Mrs. Kennedy had not moved. She was holding on to the president, his head still in her lap.

“Mrs. Kennedy,” I said. “Please let us help the president.”

She would not let go.

“Please Mrs. Kennedy,” I pleaded. “Please let us get him into the hospital.”

She looked up at me. She was in shock. Her eyes were looking, but not seeing. And then I understood:
She doesn’t want anyone to see him like this. Nobody should see the president like this. I understand, Mrs. Kennedy. You’re right. Nobody should see the president like this.

I took off my suit coat and placed it over his head and upper torso.

Now no one will see him, Mrs. Kennedy. It’s okay now.

She still hadn’t said a word, but as soon as my coat was covering the president, she released her grip.

Together, Agents Win Lawson, Roy Kellerman, Dave Powers, and I lifted the president’s lifeless body onto the gurney.

Three shots had been fired in Dealey Plaza. And the world stopped for four days.

24
Parkland Hospital
 

 

D
octors and nurses were everywhere—it was a blur of white coats—as we passed Trauma Room No. 2, where Governor Connally had been taken, and wheeled the president into Trauma Room No. 1. Mrs. Kennedy was holding on to the gurney, staring at her husband’s body, my coat still over his head and torso.

As someone reached to pull my coat off, I grabbed her firmly by the arm and said, “Mrs. Kennedy, let’s go wait outside.”

“No,” she said. “I’m staying in here with him.”

“Clint,” Roy Kellerman interrupted, “contact the White House. And keep the line open.”

I looked at Mrs.
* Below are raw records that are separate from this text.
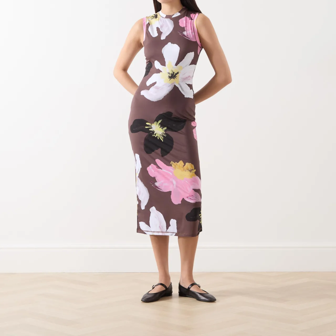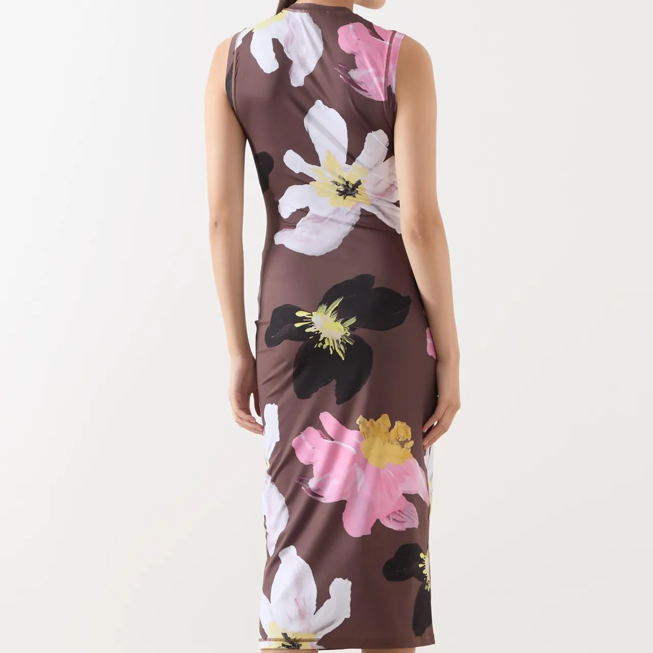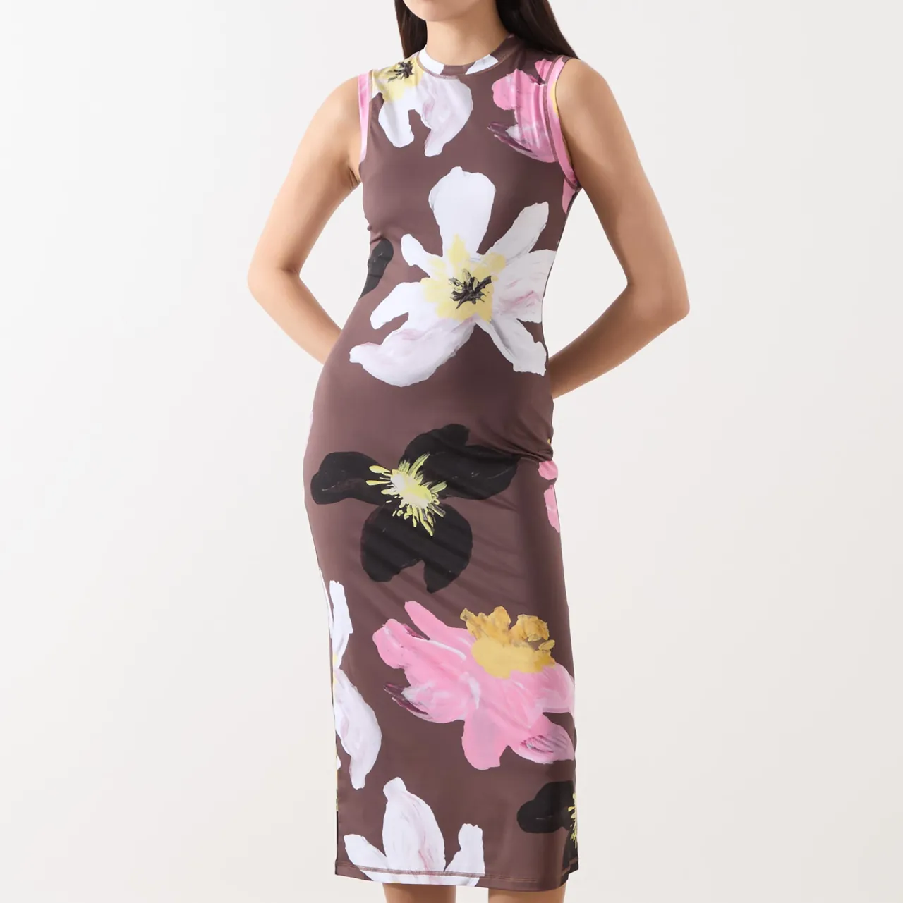 - Crew neck, sleeveless design, fitted design, straight hem, hand-painted floral print, midi length, stretchy fabric
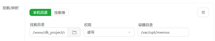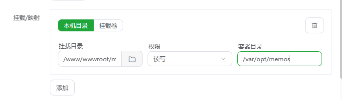 添加挂载,本机目录找一个自己可以找到的地方,容器内部路径为/var/opt/memos(此路径为容器内部数据存储路径)
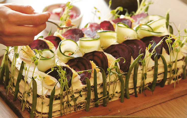 Gron Smorgastarta Med Varmrokt Lax Och Avokado Viva Vin
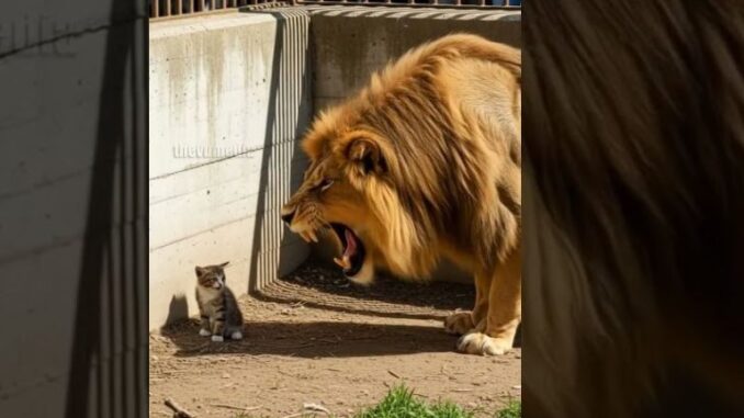 The lion, massive and powerful, turned his head slowly as the kitten stepped closer. The crowd held their breath, waiting for the roar, the paw, the strike. But instead, something magical happened.
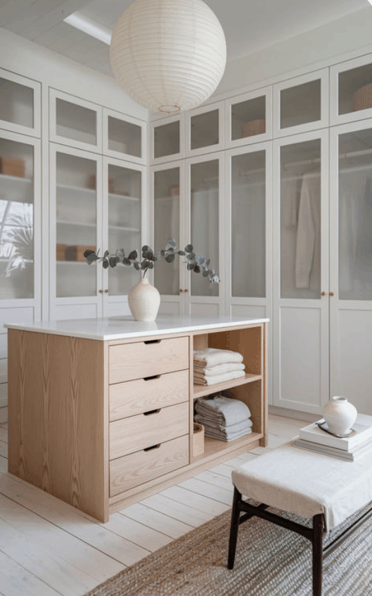 Y, por otro lado, si te gustaría poder instalar una isla en el centre de tu vestidor, el tamaño necesario será mucho mayor. Las medidas para un vestidor con isla aumentan hasta 9 o 10 m2 como mínimo, y generalmente consisten en una habitación con almacenaje en todos los lados, u una isla central con pasillos que la rodean.
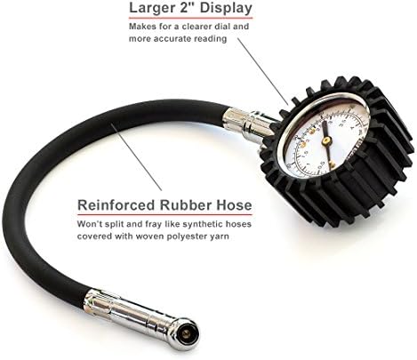 Este medidor de presión para neumáticos de precisión destaca por su estructura de acero resistente y su tubo flexible de goma. Además, garantiza un resultado fiable gracias a los empalmes internos que hacen que no haya fugas de aire. Tan durable como práctico, su manómetro mecánico para neumáticos es de calidad, da igual si llueve o hace viento. Lo mejor, con la compra de este medidor de presión para neumáticos de precisión ahorrarás en combustible.
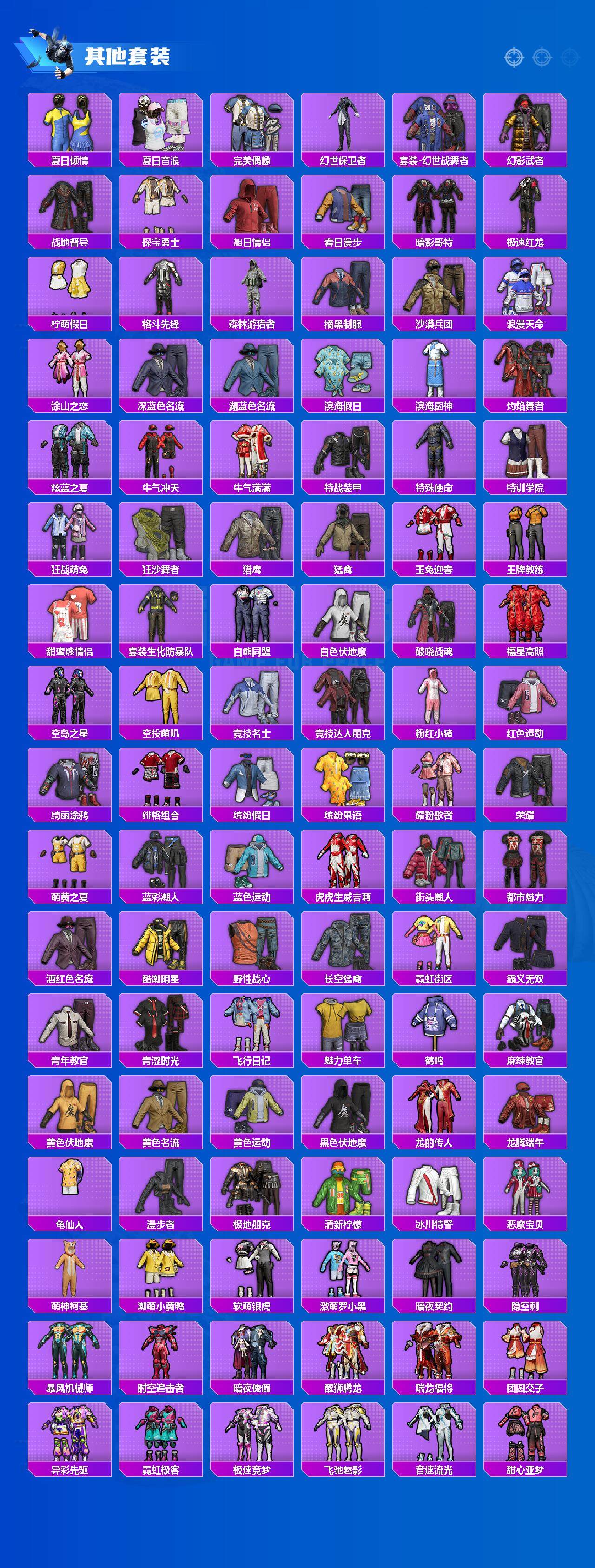 【粉色套装】:粉装-极限特训,粉装-缤纷油彩,粉装-寒光使者,粉装-未来领航者,角色-绯穹魔姬
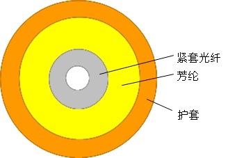SXC單芯光纜使用單根Φ900µm或Φ600µm阻燃緊套光纖作為光傳輸介質(zhì),外覆一層芳綸作為受力加強(qiáng)單元,最外擠制一層聚氯乙烯(PVC)或低煙無鹵材料(LSZH,低煙、無鹵、阻燃)護(hù)套而成。
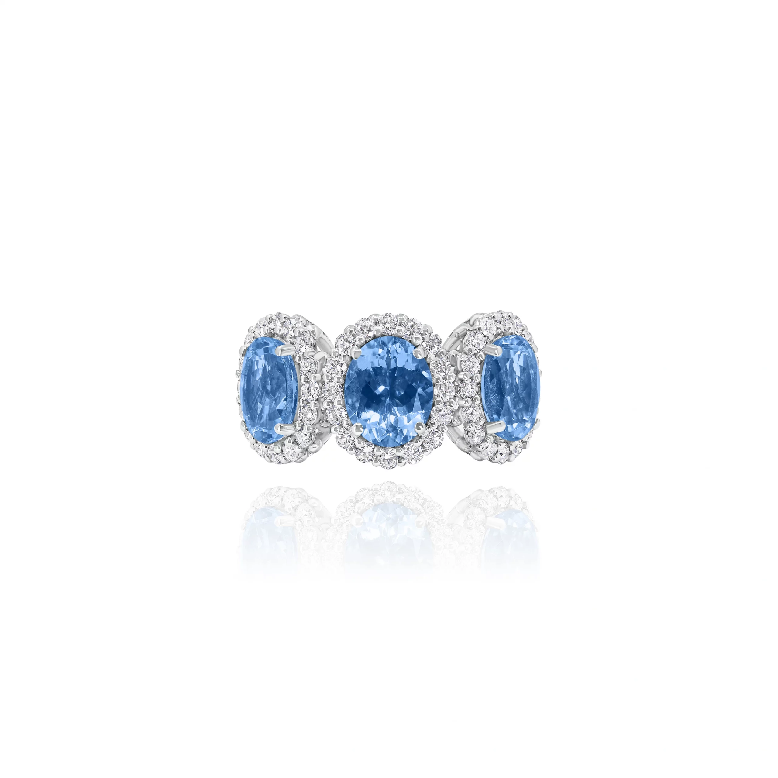 Anello con Acquamarina e Diamanti in oro bianco 18 kt:
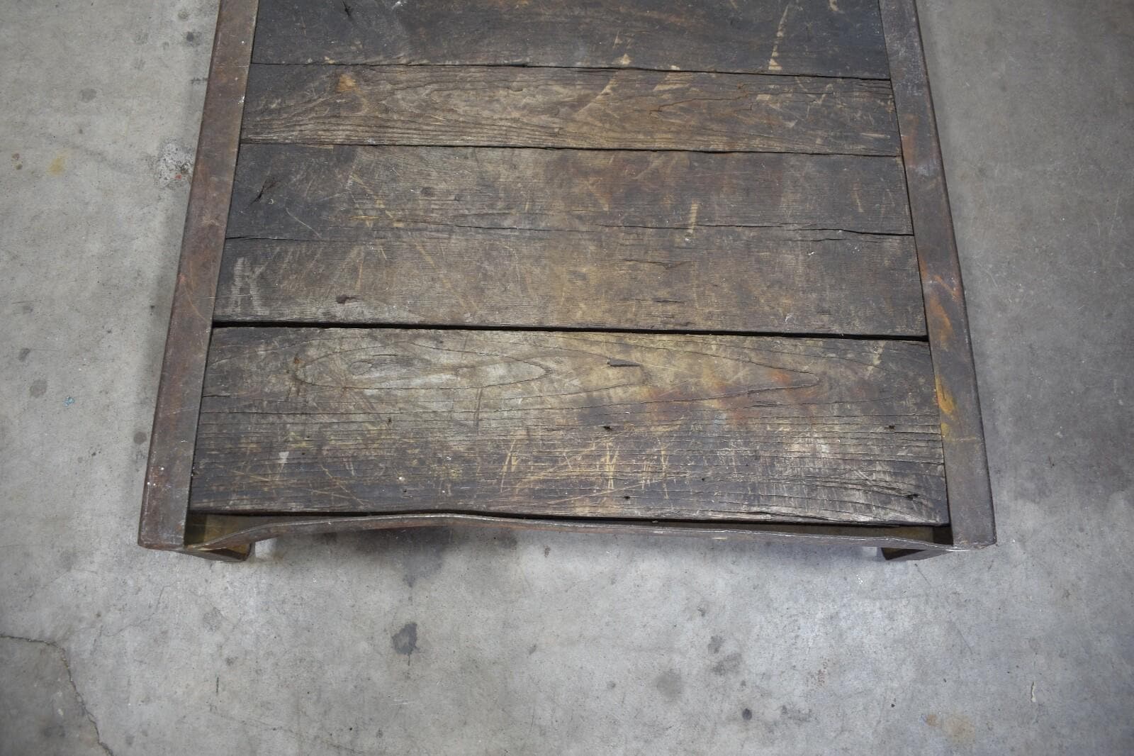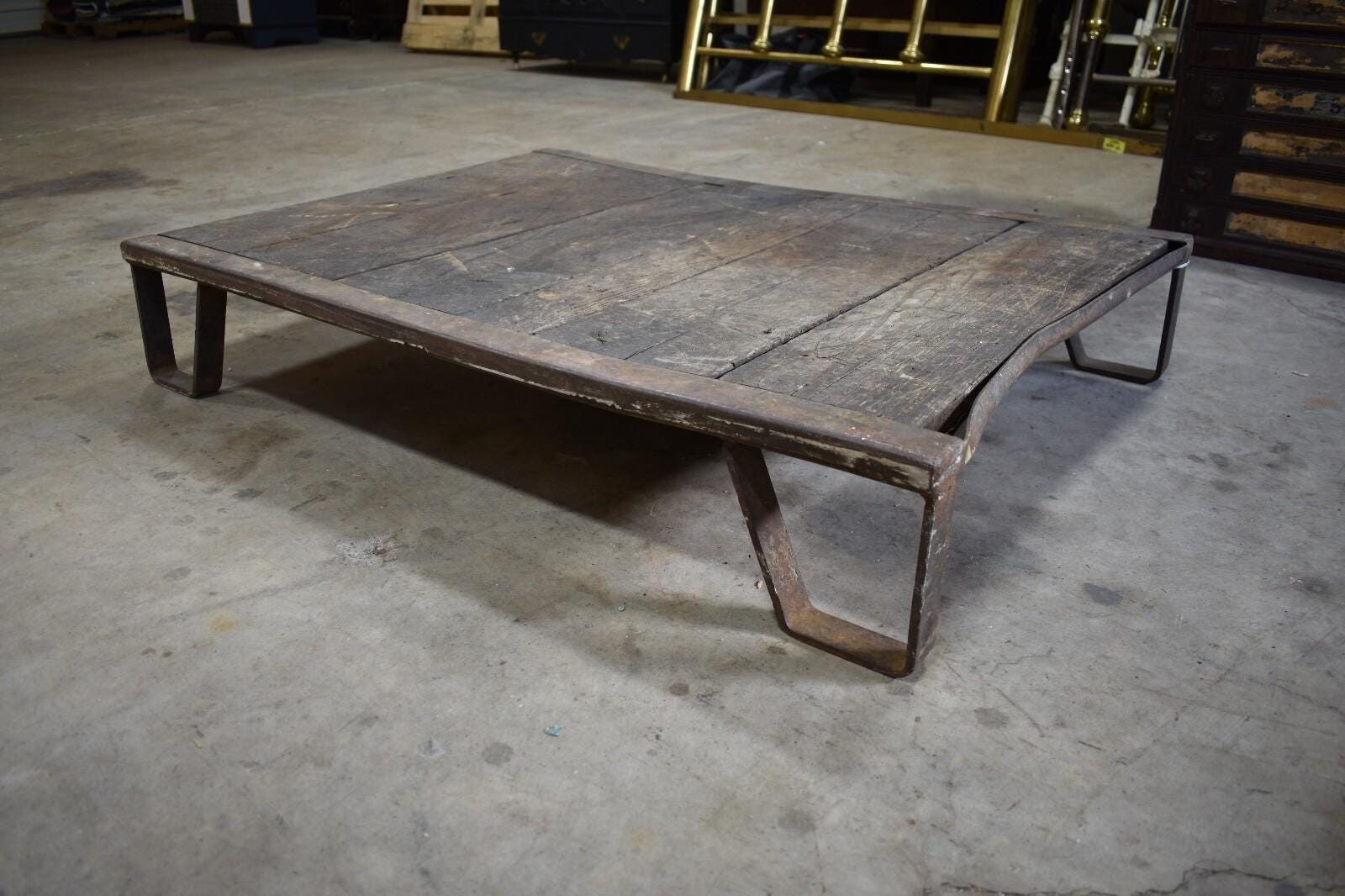 Antique Iron Train Skid with Oak Slats

Kennedy, not wanting to leave her, but Kellerman was right. We had to let the White House know what had happened.

Paul Landis stood outside the door of the trauma room, while I found a telephone and dialed the number for the special switchboard in Dallas that would get me straight to the White House.

“This is Clint Hill. Give me Jerry Behn’s office in Washington and keep this line open.”

Just as Jerry Behn, the Special Agent in Charge of the White House Detail, answered, Roy Kellerman came out of the trauma room and grabbed the phone.

As Kellerman began to explain the horror of what had happened less than ten minutes before, a medic rushed out of the trauma room.

“Does anybody know the president’s blood type?”

“O. R-H positive,” Kellerman blurted out.

Just then, Mrs. Kennedy came out of the trauma room. Her face, still spattered with blood, was expressionless.

I strode over to her, afraid she might faint.

Landis called out, “Somebody get a chair for Mrs. Kennedy.”

There were agents and medical staff and policemen all over the place. People running around back and forth, in and out of the two trauma rooms. Somebody brought a chair and I said, “Mrs. Kennedy, sit down.”